Wanneer is er handelsnaaminbreuk?

Er is sprake van handelsnaam-inbreuk indien bij het publiek verwarring tussen de respectievelijke ondernemingen te duchten is (art. 5 Hnw). De mate van gelijkenis wordt gezien als één van de factoren die het verwarringsgevaar bepalen. Andere factoren zijn: plaats van vestiging, karakter van de vestigingsplaats en de status van de onderneming. Met andere woorden: het komt aan op de relevante markt. De opsom-ming van verwarringsfactoren in artikel 5 HNW is niet limitatief: de rechter moet rekening houden met alle omstandigheden die van invloed zijn op het verwarringsgevaar.

Inbreuk-eisen

Artikel 5 Hnw stelt een prioriteitseis: de oudere handelsnaam gaat vóór de jongere. Bij het vaststellen van de prioriteit wordt gebruik door een rechtsvoorganger meegeteld.
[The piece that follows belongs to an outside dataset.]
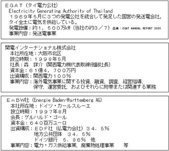 添付資料2:各社の会社概要、タイ国の電力事情
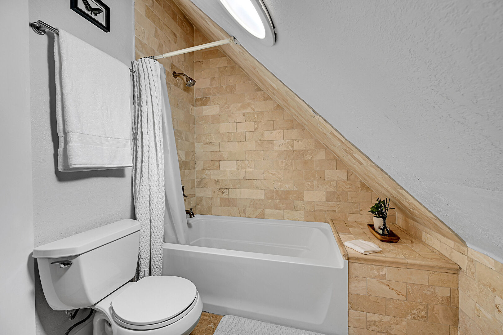 Combined Bath Shower, Full Bathroom, Textured Wall, Tile Floor, Natural Light

Het artikel gaat uit van twee ondernemingen van verschillende ondernemers. In beginsel is artikel 5 Hnw niet van toepassing als het gaat om vast te stellen wie ge-rechtigd is tot het voeren van één bepaalde handelsnaam. Er moeten twee handelsnamen tegenover elkaar staan en de handelsnaam moet rechtmatig gevoerd worden.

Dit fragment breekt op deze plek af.